The presented architecture is quite complex. However, not everything has to be set up immediately in order to use it. The implementation can be executed in an iterative approach. If for example Business Intelligence has a higher priority then only components needed for BI can be implemented first.

The devil is in the details

We can only cover a high level overview of the data architecture in this blog post. Implementing such an enterprise data architecture includes a lot of details. Some of the remaining questions are:

Many of the used Azure services provide overlapping functionality. Which one should be used in which case?
How to securely integrate the different Azure services?
How to protect data from unauthorized access?
How to automate the setup of the infrastructure?
Which data formats to use: Parqet vs. Delta vs. Avro vs. …?
How to structure the file hierarchy in the central storage e.g. partition keys?
Which environments (Test, Stage, Prod) to use and how to set them up?
Which user roles to define and what access rights to give them?

Technology is not everything

We also only cover the technical aspects here but an enterprise data architecture does not work without a good data culture (Data Governance) which among other things includes company internal roles and processes.

That's it

We hope that this blueprint helps to set up your own enterprise data architecture in Azure. The initial investment will pay off quickly as it allows to take advantage of data in all of its aspects from insights up to predictions.
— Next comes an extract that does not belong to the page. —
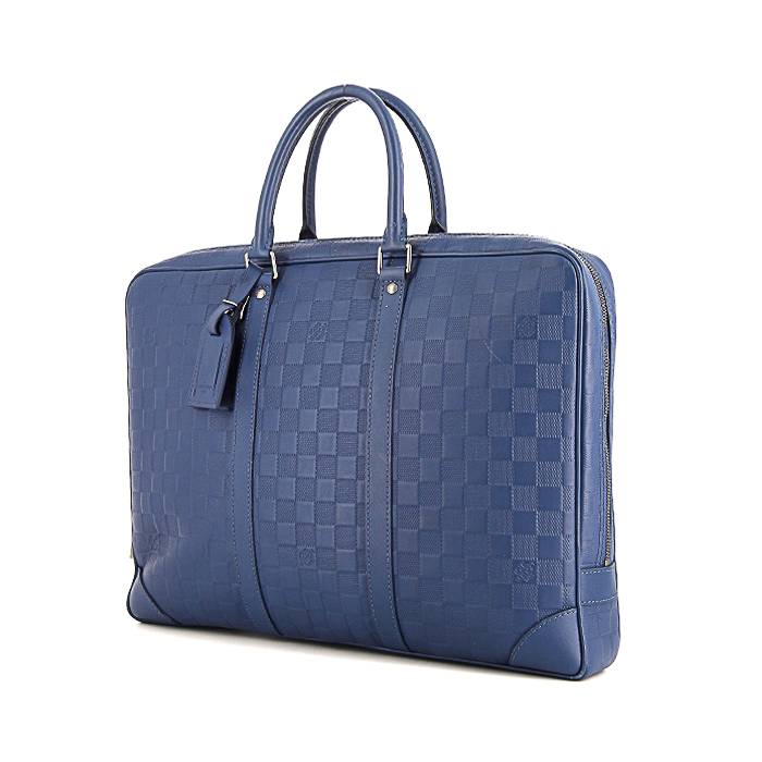 Magnífico porta-documentos Louis Vuitton de cuero azul a cuadros, adorno en metal plateado, doble asa de cuero azul para llevar en la mano.
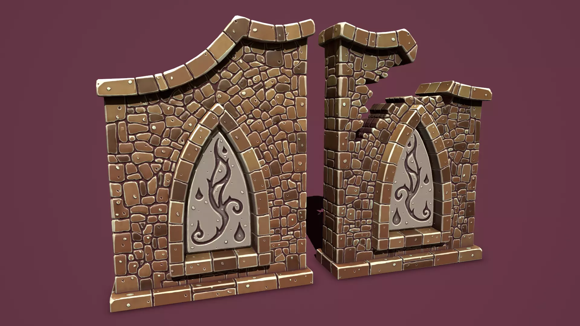 3 materials - Wall 1, Wall-1-Broken, Stone-Window

Please don't hesitate to contact us if you want to learn more about the details of such an enterprise data architecture. We're always happy to share our knowledge and experience.

Components

Hereinafter we'll briefly describe the used services.

Data Factory

Data Factory provides connectors to various services such as traditional relational databases. It can be used to import data from other systems into the central data storage.

Event Hub

Event Hub can be used to ingest high frequency data such as data coming from IoT devices or user tracking data (Page Views, Clicks etc.).

Data Lake Storage Gen 2

The heart of the architecture is a Data Lake Gen 2. All data is written and read to and from this service respectively. It is a highly scalable data storage solution with fine grained access control which is especially important for security and compliance aspects such as GDPR.

Data Format

There are multiple data formats such as Parquet, Avro and Delta. Each format has its pros and cons. The choice thus highly depends on the use case.

Databricks

Databricks offers a managed Spark environment. It can be used to do all kinds of big data wrangling tasks such as data cleaning or feature generation for machine learning tasks.
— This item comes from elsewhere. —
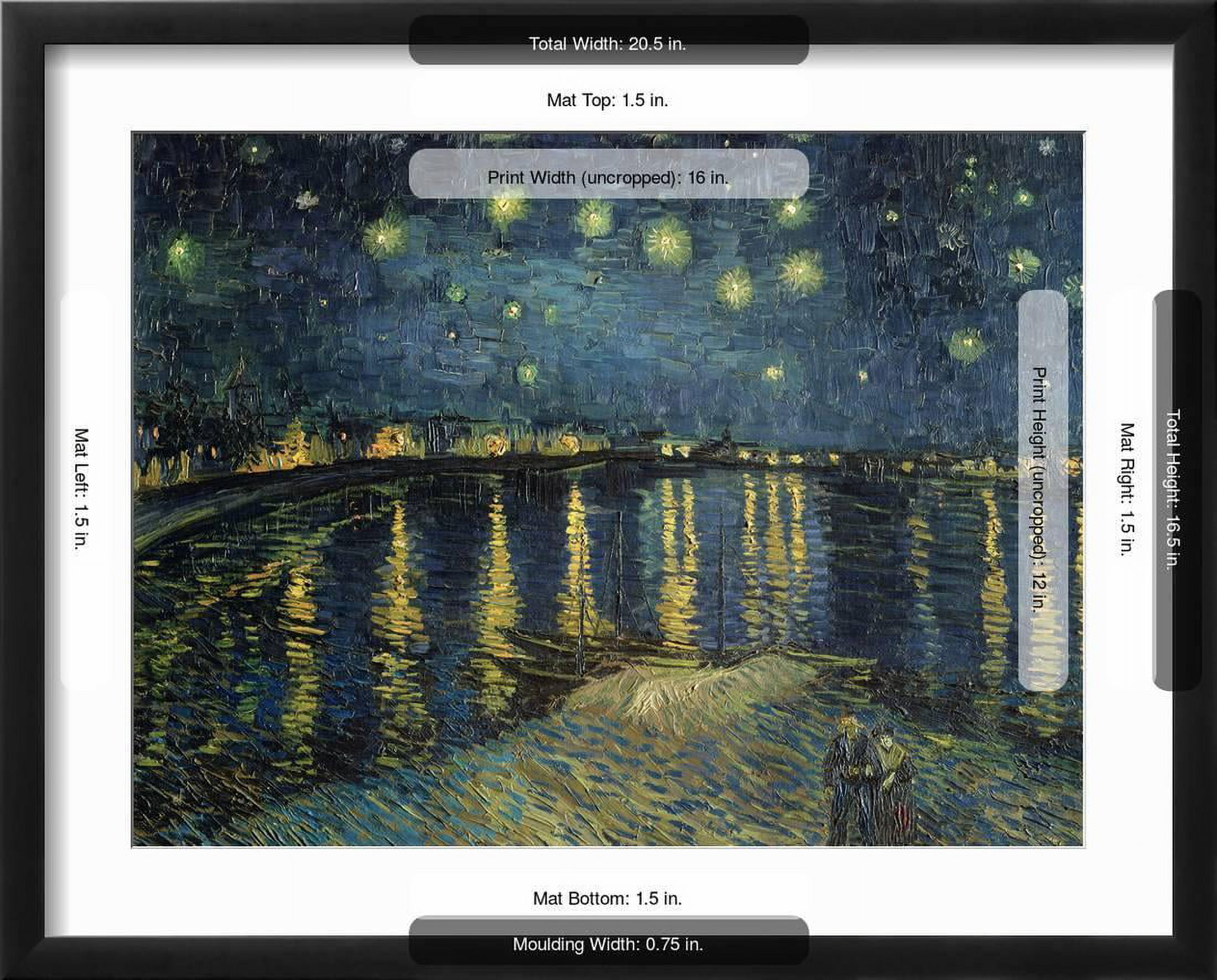 Title: Starry Night over the Rhone c1888 Theme: Scenic Artist: Vincent van Gogh Finished Size: 20 x 16 in Product Type: Frame Material: Paper Frame Material: Wood Home Decor Style: Wall Art Brand: Art.Com Color: Multi-Color Framed Finished Height: 1.5 in Finished Weight: 1 LB Hanging Hardware Included Hand-finished by Experts in the USA

Its jupyter based notebooks can also be used for ad hoc data science exploration tasks. Other tools are better suited for this task in our opinion, though.
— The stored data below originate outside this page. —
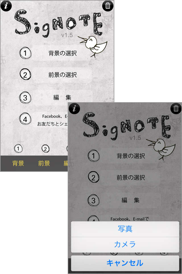 紙に描いた絵や文字を写真の上に合成して、味わいのある画像を作れるアプリ!「SigNote」
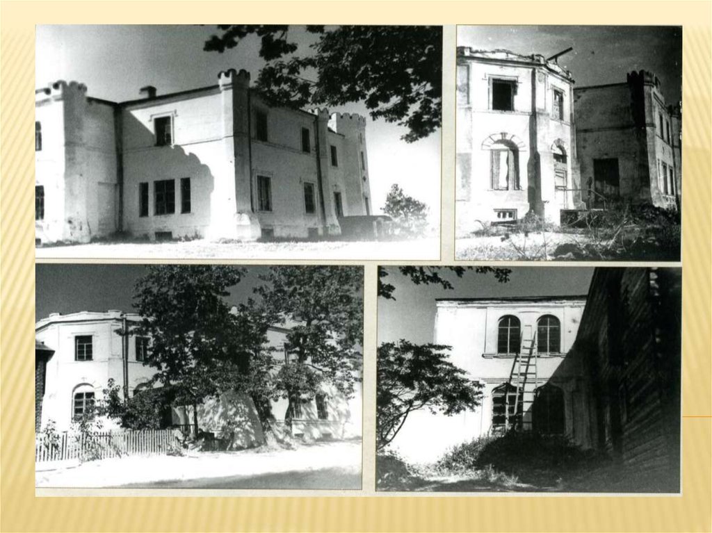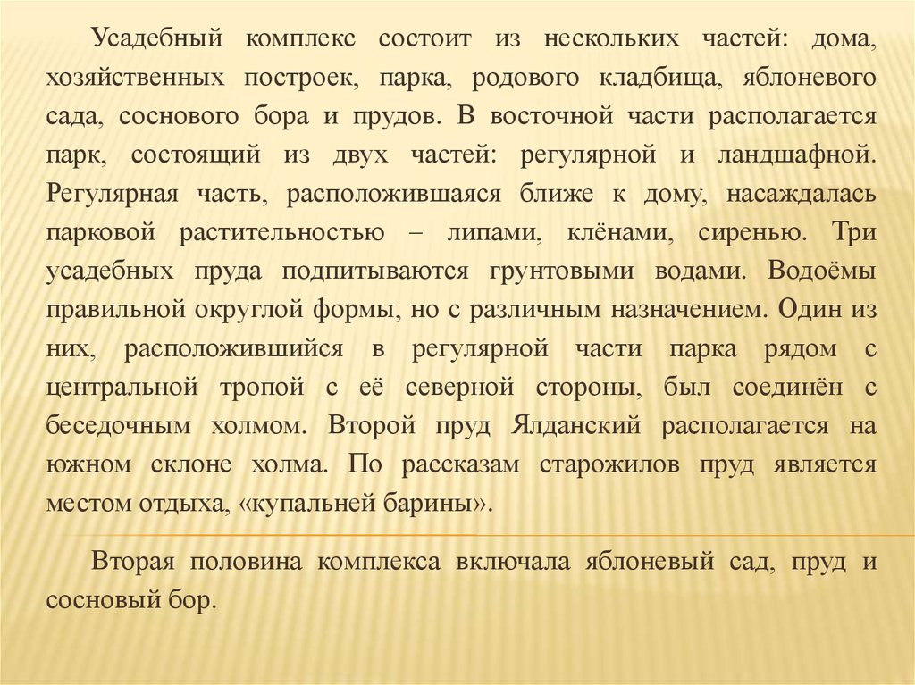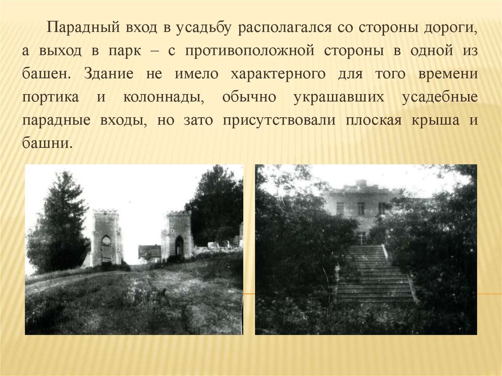 Парадный вход в усадьбу располагался со стороны дороги,а выход в парк – с противоположной стороны в одной из
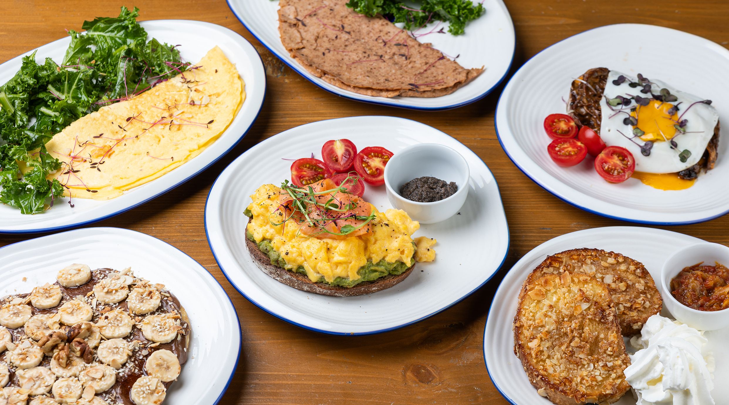 პური, კვერცხი, გუაკამოლე, გამომშრალი პომიდორი, კრემყველი, ჩერი პომიდორი
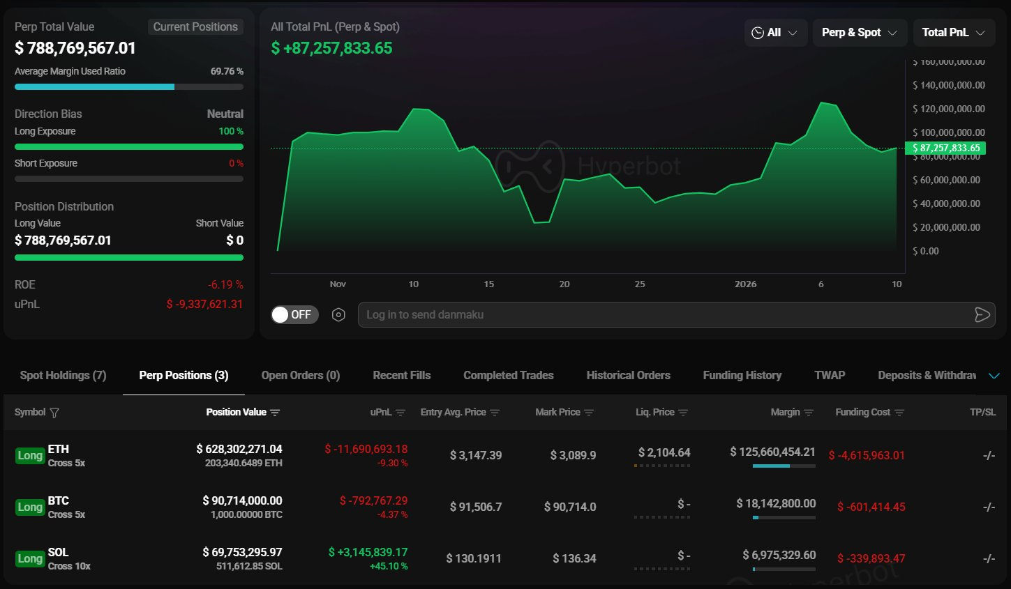 深潮 TechFlow 消息,1 月 10 日,据 Onchain Lens(@OnchainLens)监测,随着市场持续下行,一位比特币"OG"(10/11)持有的多头头寸目前浮亏超过 900 万美元,并在资金费用上损失了 556 万美元。该投资者的比特币(BTC)和以太坊(ETH)头寸均处于亏损状态,而 SOL 头寸仍保持盈利。

Databricks main work horse is Spark which is particularly suited for big data wrangling. Its single node mode also allows the use of plain Pandas notebooks. This is handy for use cases which don't include big data.

Azure ML

Azure ML provides hosted jupyter notebooks on managed infrastructure. It is well suited for exploratory data science tasks. Azure ML also provides functionality to bring trained models into production. Other services might be better suited for this task though.

Synapse

Synapse tries to be the all-in-one solution for analytics tasks. Depending on the use case it might fulfill its promise but sometimes other services are a better option.

Power BI

Power BI allows you to generate rich and interactive business intelligence dashboards.

Azure AD

Azure Active Directory is a quite powerful identity management system. It is used as the central place for authentication and authorization to all of the above products.

App Service

App service can be used to implement APIs such as online machine learning prediction services.

Key Vault

Key Vault is used to handle application secrets.

DevOps

Azure DevOps is used as a version control system as well as to implement Continuous Integration, Continuous Deployment and a GitOps process.

Azure Monitor

Azure Monitor is used to monitor the performance of all systems and alert in case of system failures.

Purview / Data Catalog

It is vital for a data architecture to democratize data. This assumes discoverability and interpretability. A data catalog helps with both of these tasks.